THE TASK: Omit all pictures and transcribe only the lines in the entries below that run from the line with "3. Christensen J, Prosper" through the line with "Bluse med lange".

INPUT:
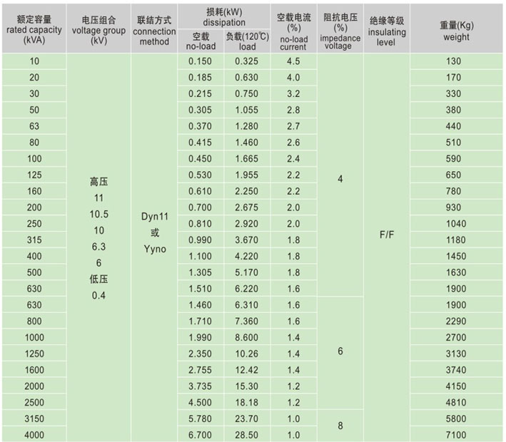 8. 短路阻抗:標準阻抗(詳見技術參數(shù)表)
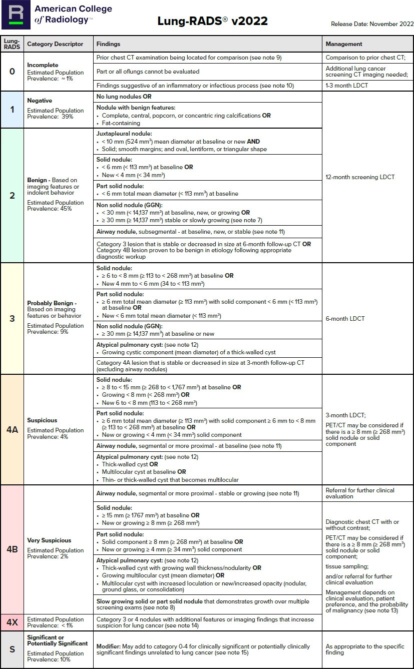 3. Christensen J, Prosper AE, Wu CC, et al. ACR Lung-RADS v2022: Assessment Categories and Management Recommendations. Journal of the American College of Radiology. 2024;21(3):473-488. doi:10.1016/j.jacr.2023.09.009
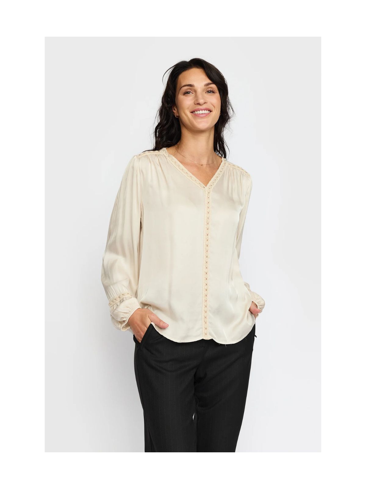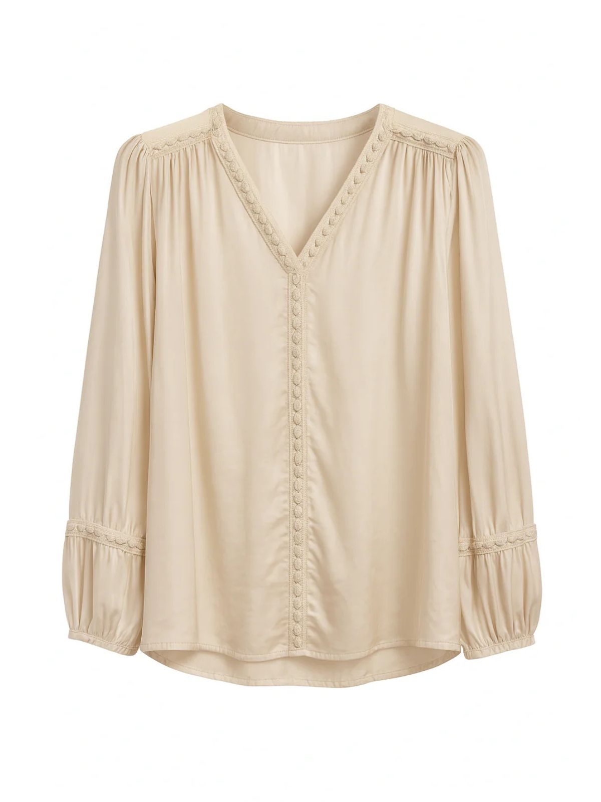 Bluse med lange ærmer med elastik forneden, V-udskæring og elegante guldfarvede bånddetaljer, der tilføjer et feminint touch.Modellen er 176 cm høj og bærer størrelse medium.
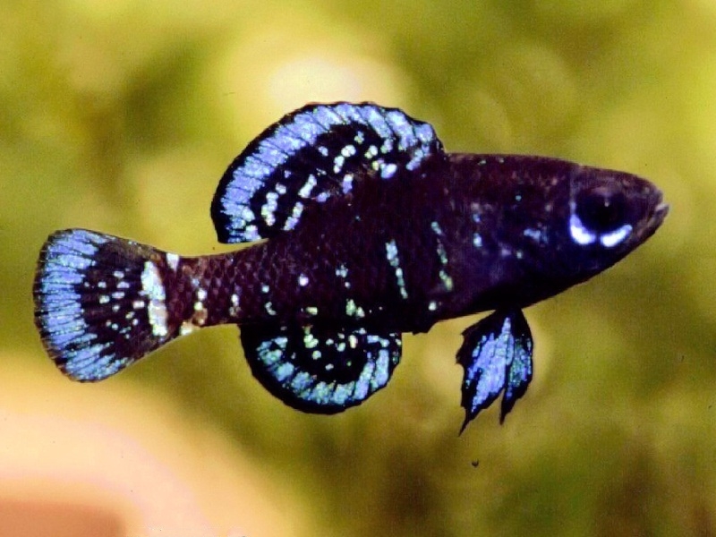 Рыбы имеют вытянутое и сжатое по бокам тело. Все плавники веерообразные. Цвет тела рыб коричневый с темными поперечными полосками. В преднерестовый период самцы приобретают контрастную темно-синюю окраску тела, на котором выделяются блестящие пятна голубого цвета. Самка, в отличие от самца, имеет более округлое брюшко, неприметную окраску и меньший размер. Самцы имеют размер 3,5 см, а самки обычно до 2 см.
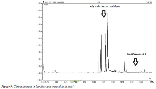The mixtures were sonicated for 10 min, concentrated to 1 mL at room temperature (25 ºC), filtered and analyzed directly without dilution. The analyses were performed and the presence of brodifacoum-A 3 was identified in all aliquots, demonstrating that its mixture in foods does not interfere with its detection, as can be seen in Figure 9.
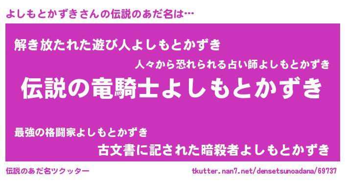 | 男性向けラノベタイトル風あだ名 | 『よしもとかずきの憂鬱』 |

YOUR RESPONSE:
 3. Christensen J, Prosper AE, Wu CC, et al. ACR Lung-RADS v2022: Assessment Categories and Management Recommendations. Journal of the American College of Radiology. 2024;21(3):473-488. doi:10.1016/j.jacr.2023.09.009
 Bluse med lange ærmer med elastik forneden, V-udskæring og elegante guldfarvede bånddetaljer, der tilføjer et feminint touch.Modellen er 176 cm høj og bærer størrelse medium.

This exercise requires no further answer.